We separated roughly 500-1000 veliger larvae (F1 offspring) from each egg capsule from the maternal egg capsule tissue for use in subsequent RNA extraction and sequencing. Thus, each “sample” in our analyses represents a pool of larvae from a single egg capsule.
SNP variants on reads aligned to the de novo transcriptome (Daniels et al., 2023) were identified using ANGSD (Korneliussen et al., 2014), a maximum likelihood approach to identify major and minor alleles (Skotte et al., 2012), the GATK genotyping algorithm (Van der Auwera & O’Connor, 2020), and a uniform prior.
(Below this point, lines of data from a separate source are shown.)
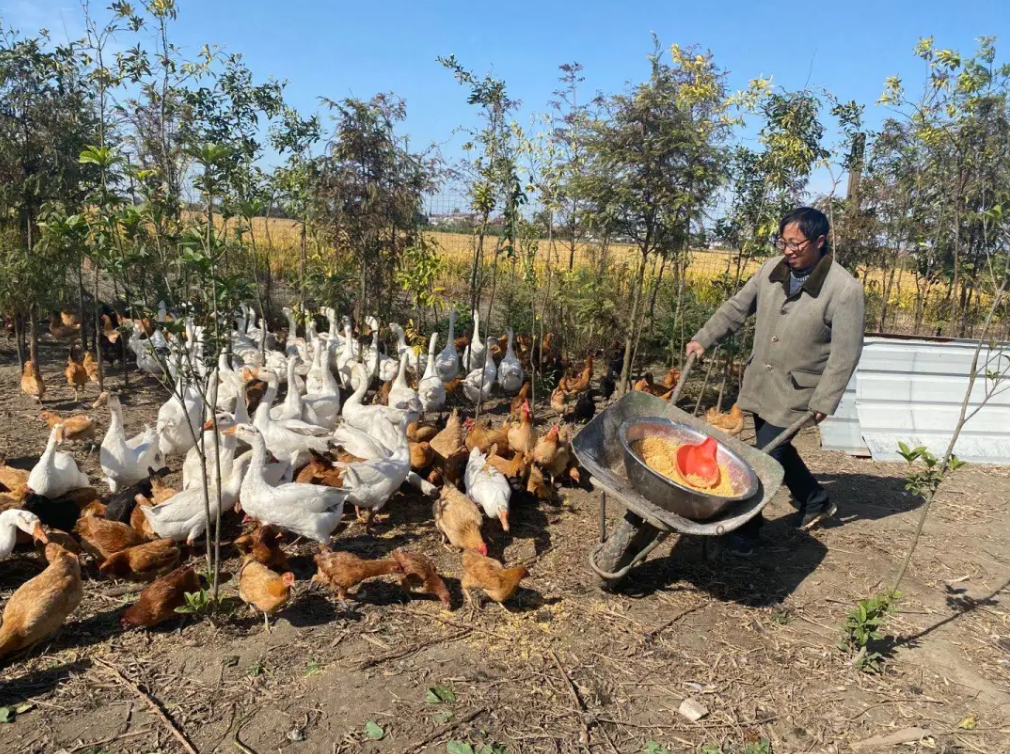 在位于根思乡双联村的华欣源家庭农场内,低保户叶石贯搅拌好饲料,饲喂鸡、鹅。叶石贯介绍,他的家庭是“一户多残”,母亲双目失明,妻子智力障碍,自己因为患有脑积水时常会晕倒,家中还有一个上小学的孩子需要照料,无法外出打工,只能在村里找点零工做。在乡村两级的帮助下,他家被定为低保户,村里提供打扫路面等公益岗位,再加上在农场打零工,一年可以有三万元的收入。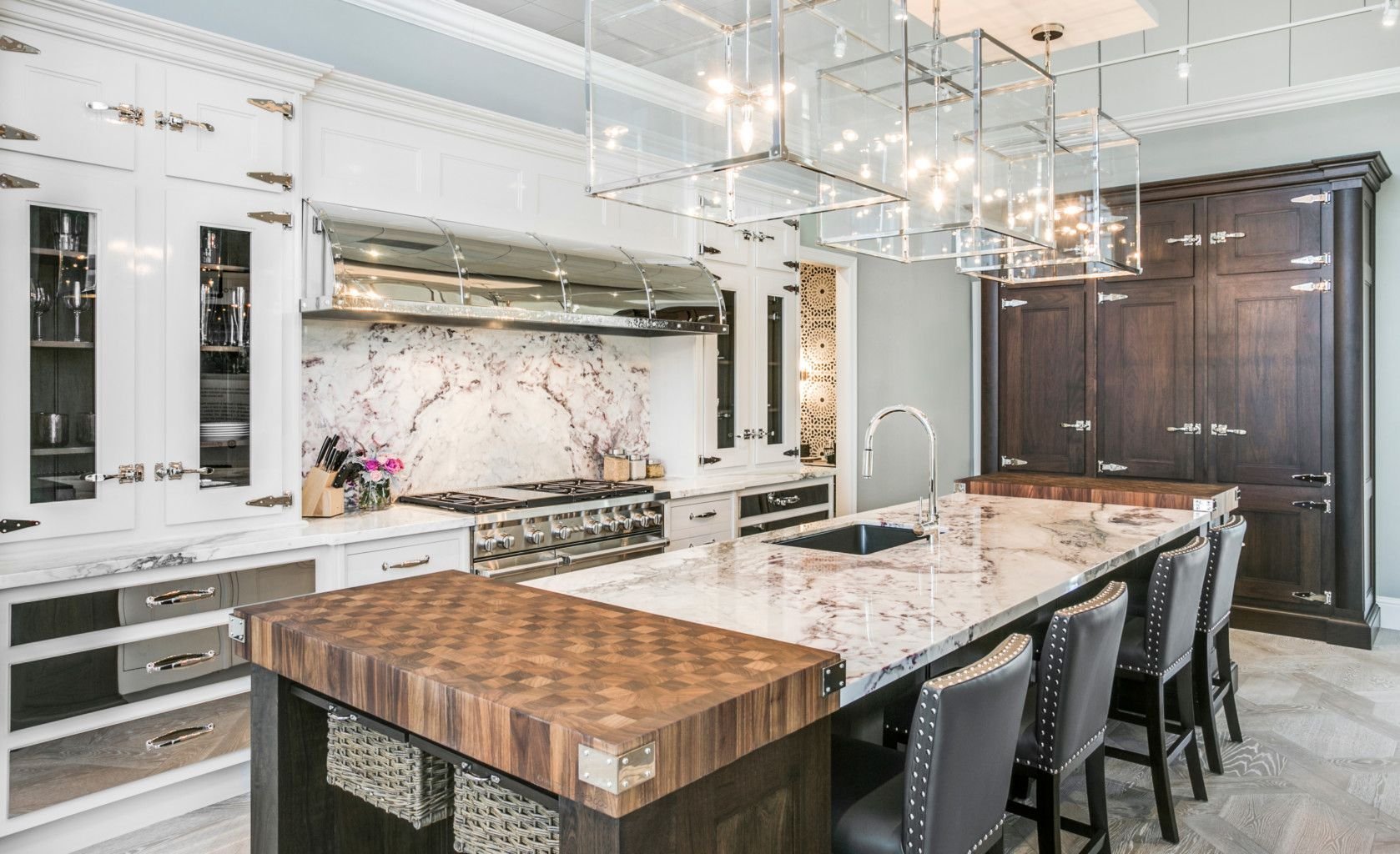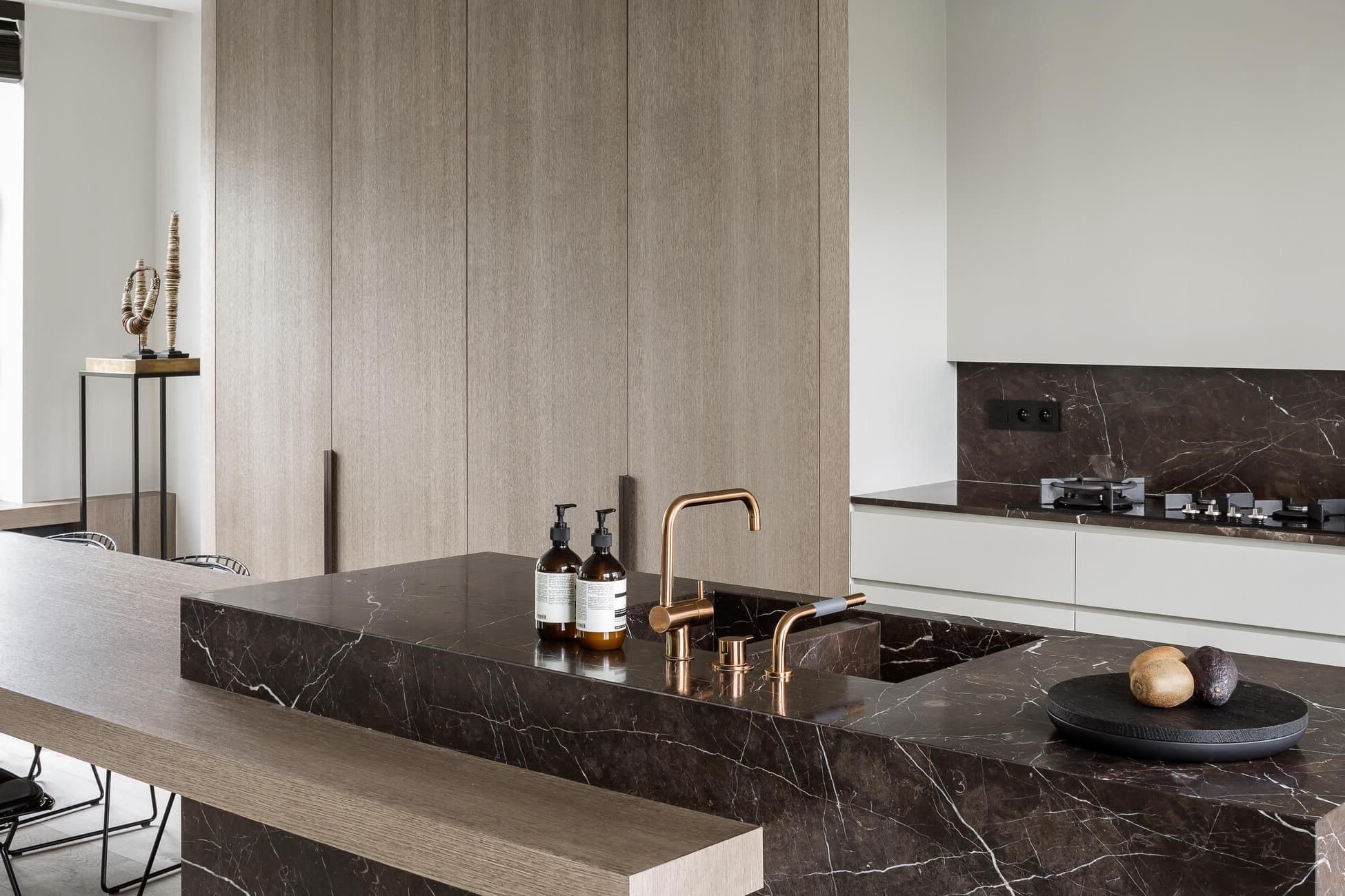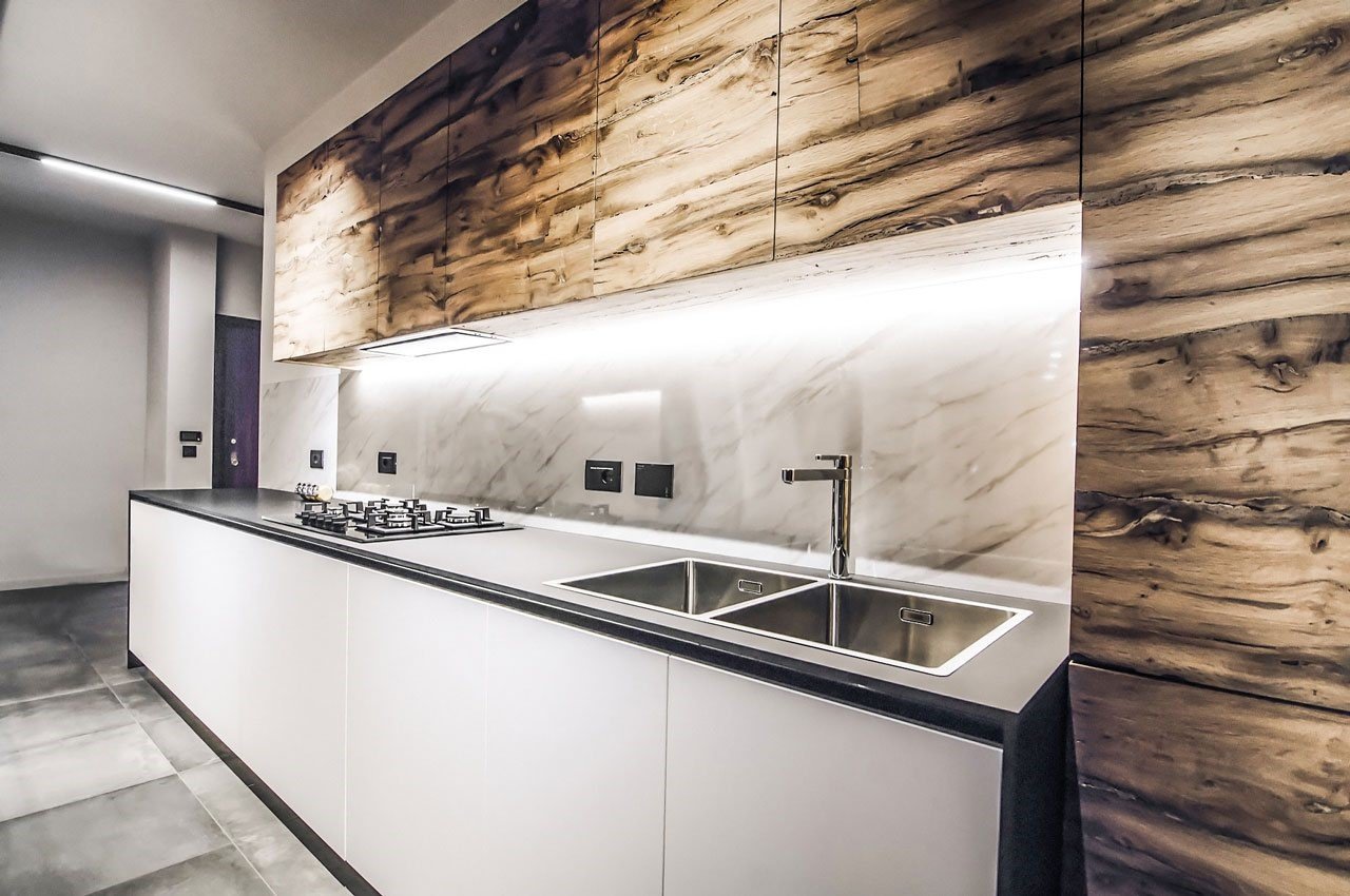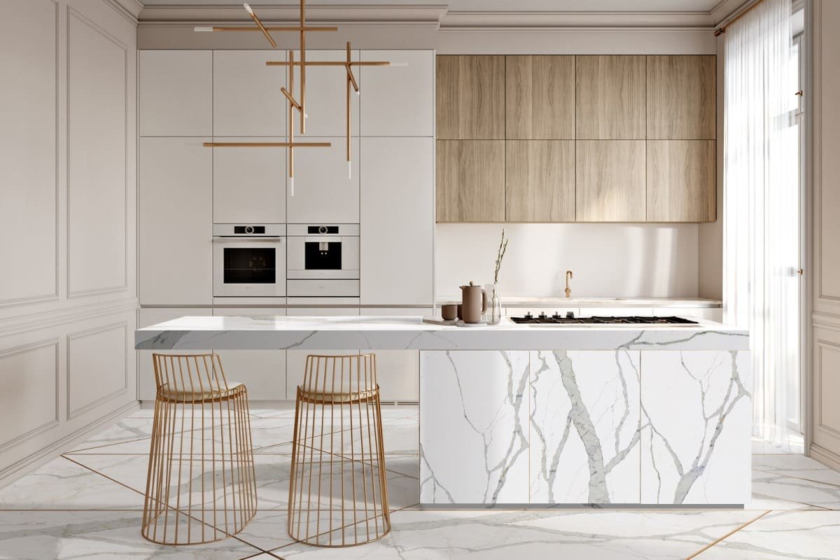 Мрамор и дерево в интерьере кухни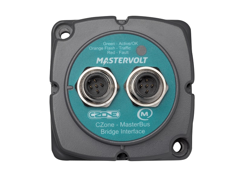 O Interface CZone-MasterBus conecta fisicamente uma rede MasterBus a uma rede CZone, permitindo a comunicação entre si e a que funcionem como um só. Com esta ligação é possível controlar e monitorizar equipamento Mastervolt a partir de displays CZone ou de marcas parceiras.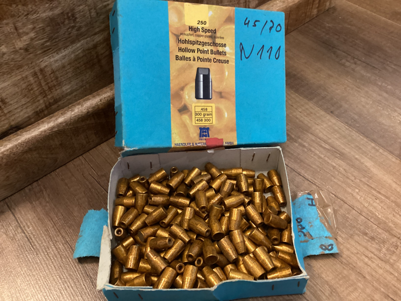 Verkauft werden Ca. 170 St. Geschosse H&N 45/70 High Speed verkupfert Hohlspitz .458 300gr.

Bases were only retained if they had a Phred-scaled quality score of at least 20. Genotypes with a posterior probability of less than 95% and/or a depth less than 20 in an individual or less than 100 across all individuals were removed, and only loci genotyped in every individual were retained. Lastly, we removed any loci with a minor allele frequency of less than 0.05 in every population using the R package snpR/1.2.79 (Hemstrom & Jones, 2022). Because selection at putatively adaptive loci can often manifest as down-stream changes in expression, we also identified SNP variants that occurred on differentially expressed contigs between MON and NAP. Although genetic changes to expression are due to changes at nearby cis or distant trans regulatory elements, we identified SNPs within the DEGs to search for functional (structural) differences in the genes themselves. We called 122,599 SNPs directly from the RNA-seq data using ANGSD (Korneliussen et al., 2014), of which 4,168 were located on DEG contigs (see SI methods and Table S1 for filtering details). After SNP calling and filtering (Hemstrom et al., 2024), 94,654 SNP loci were identified throughout the transcriptome (hereafter “all-SNPs”) with 3,118 loci located on DEG contigs (hereafter “DEG-SNPs”).